• birkaç yıl önce yapılan bir nörobilim çalışmasında deneklerden ekranı izlemeleri, rastgele aralıklarla ekranda beliren işaretçi sembolü gördüklerinde sağa ya da sola bakma kararı almaları ve ardından bunu rapor etmeleri isteniyor. ve deney sırasında elektroensefalografileri çekiliyor.

    denekler karar aldıklarında spesifik beyin bölgelerinde kararı imleyen karakteristik bir beyin dalgası görülüyor.

    ancak ilginç bir bulgu daha saptanıyor, işaretçi sembol bile çıkmadan, yani denek karar almadan önce oksipital bölgede farklı bir elektriksel aktivite gözleniyor.

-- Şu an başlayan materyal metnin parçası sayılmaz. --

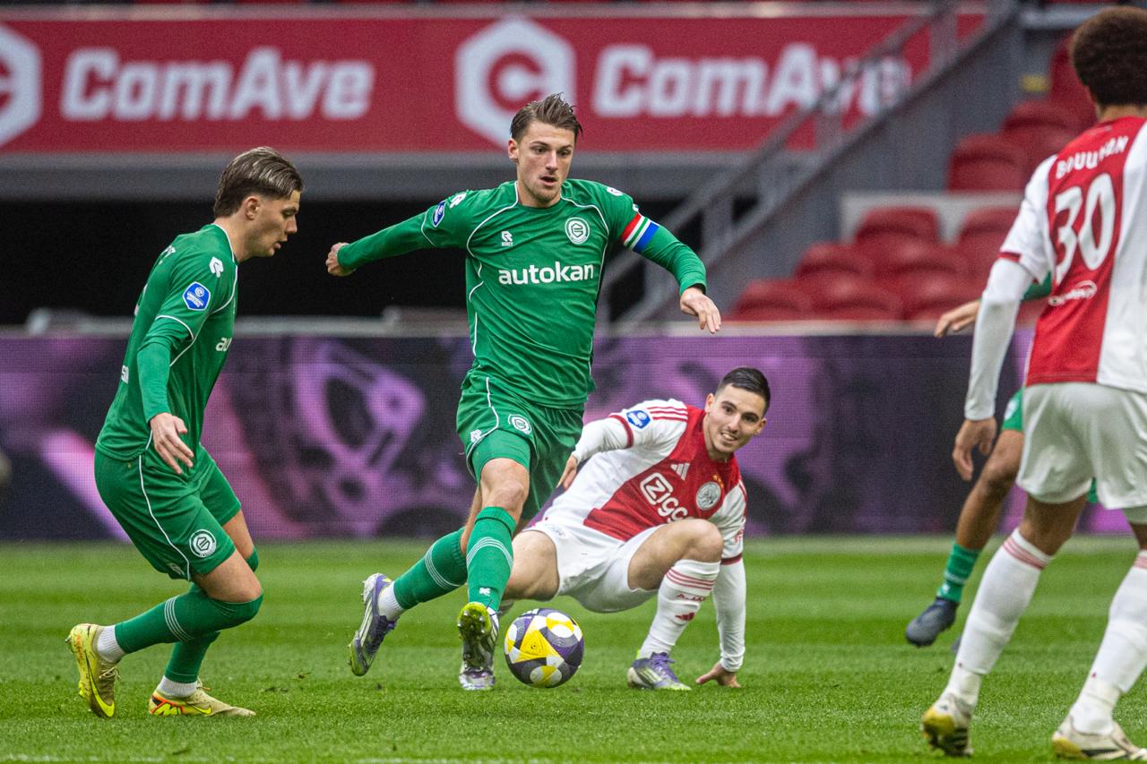FC Groningen heeft dinsdagmiddag in de Johan Cruijff ArenA met 2-0 verloren van Ajax. Het restant van het duel dat zondagavond begon, werd dinsdagmiddag in een leeg stadion uitgespeeld. Mika Godts en Aaron Bouwman scoorden voor de Amsterdammers. Nils Eggens maakte zijn Eredivisiedebuut voor FC Groningen.
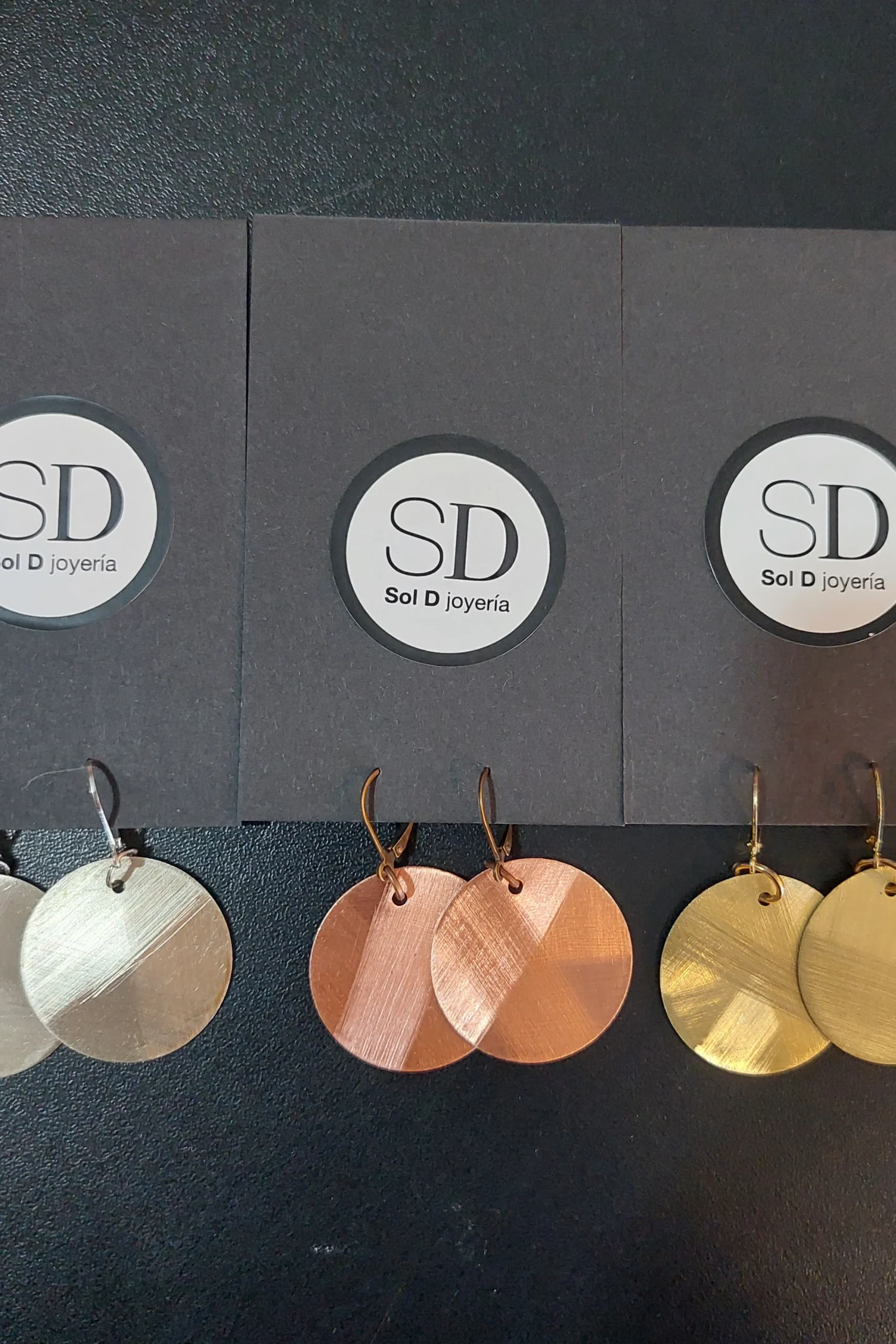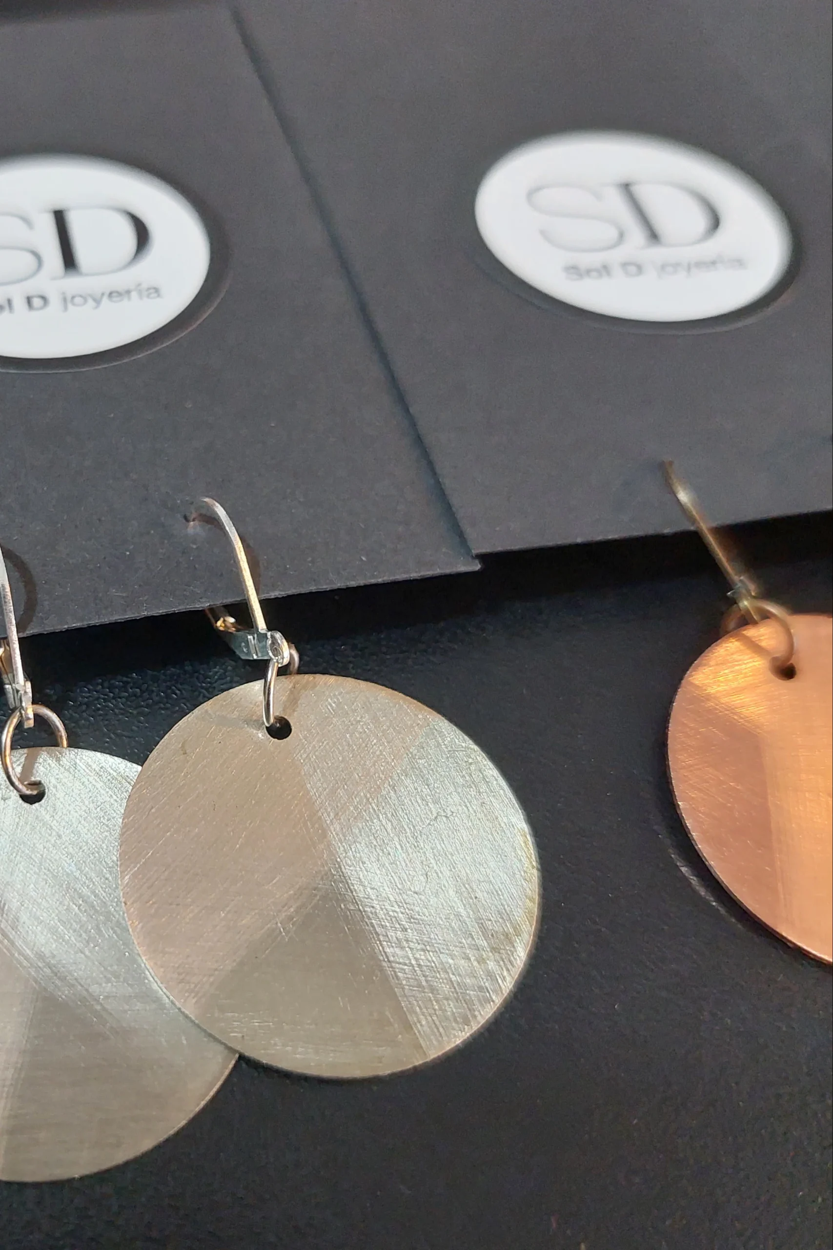 | Aros colgantes realizados en alpaca, bronce o cobre. |
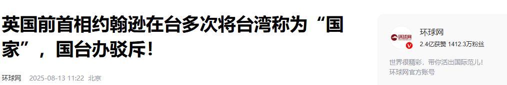 1.《英國前首相約翰遜在臺多次將臺灣稱爲“國家”,國臺辦駁斥!》2025-08-13 11:22| 來源:環球網
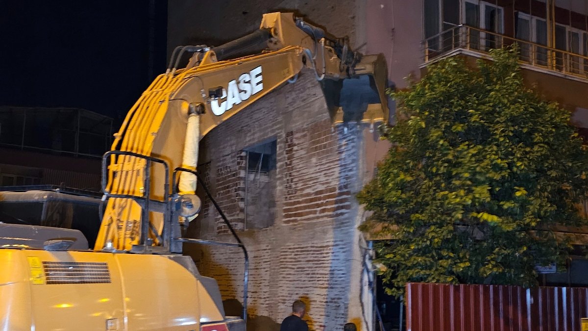 Hafriyat firmasına ait iş makinesi ile binanın yıkılma tehlikesine karşı önlem alınırken, olay yerine güvenlik amaçlı ekipler sevk edildi.
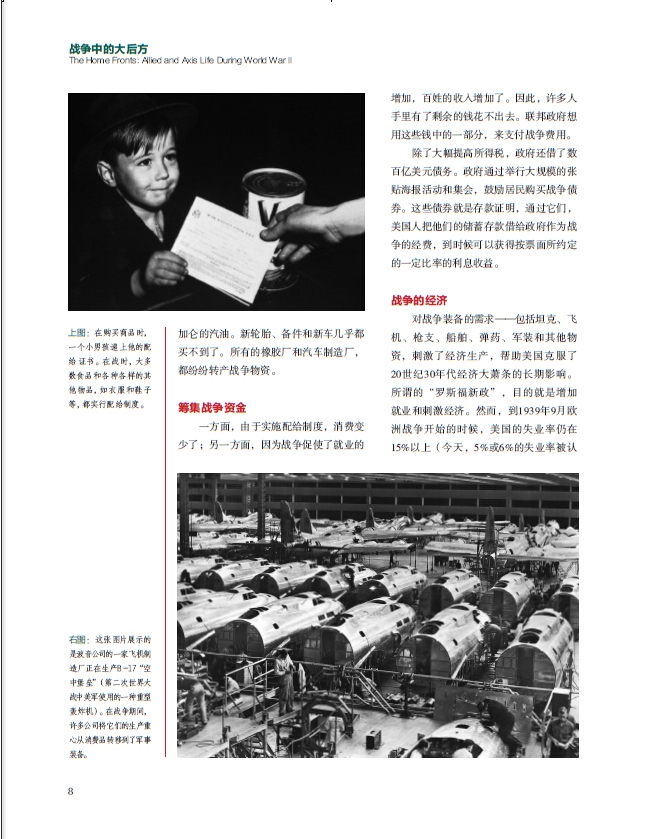 《战争中的大后方》作为系列图书的分册,着重描写了二战期间交战双方国内民众的生活,对当时各国国内的社会、经济、政治等各方面情况进行了简单的介绍。通过这些介绍,读者可以对第二次世界大战期间各国的社会情况有所了解。
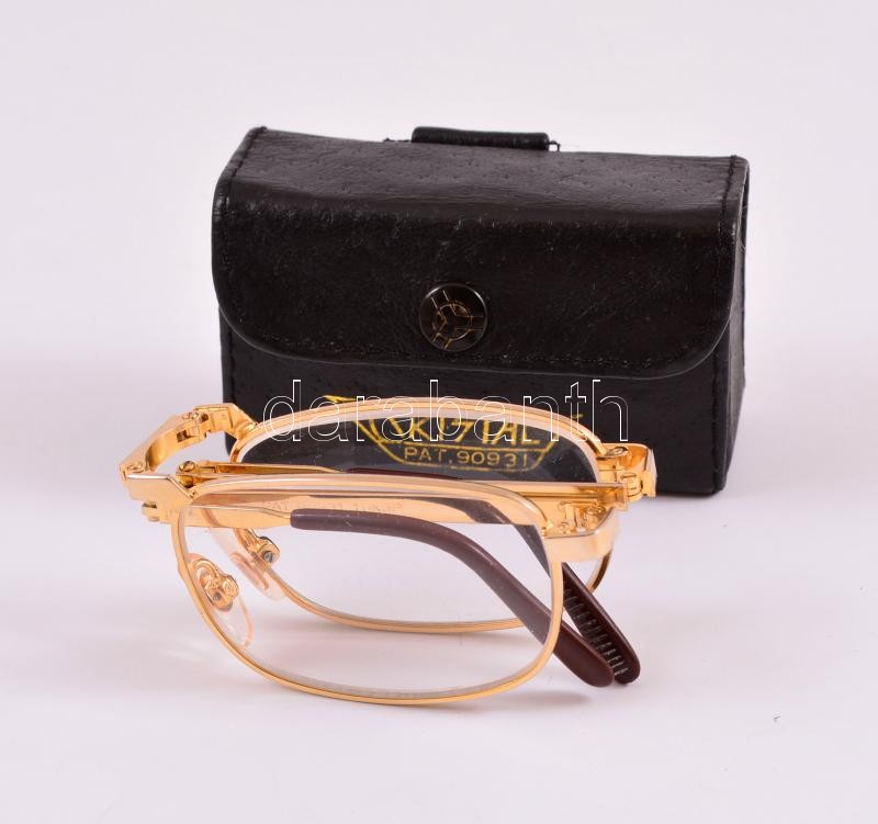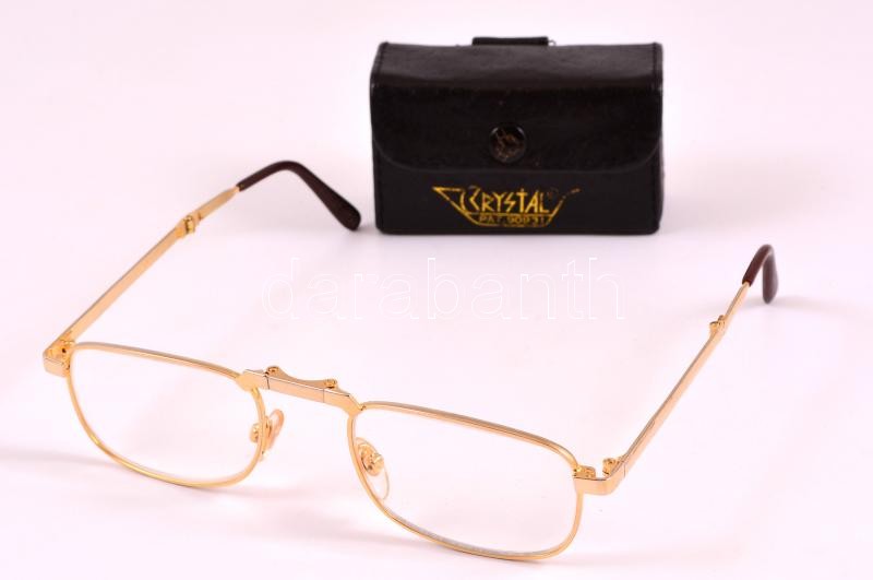 Összecsukható 2 dioptriás, kristályüveges, aranyozott szemüveg, bőr t...

    bu aktivite tam olarak bir sinyal değil, gürültü olarak adlandırılan, süreğen ve görünürde rastgele olan elektriksel ateşlemeler.

    data incelendiğinde arkaplan gürültüsünün patternine bakılarak insanların bilinçli seçimlerinin, henüz o seçim yapılmadan öngörülebildiği anlaşılıyor. bu verilere göre biz karar vermeden ne karar vereceğimiz belli.

    bilinçli farkındalık öncesi karar alma mekanizmasını etkileyecek bir şeyin olması, özgür iradeye dair soru işaretleri ortaya çıkarıyor elbette.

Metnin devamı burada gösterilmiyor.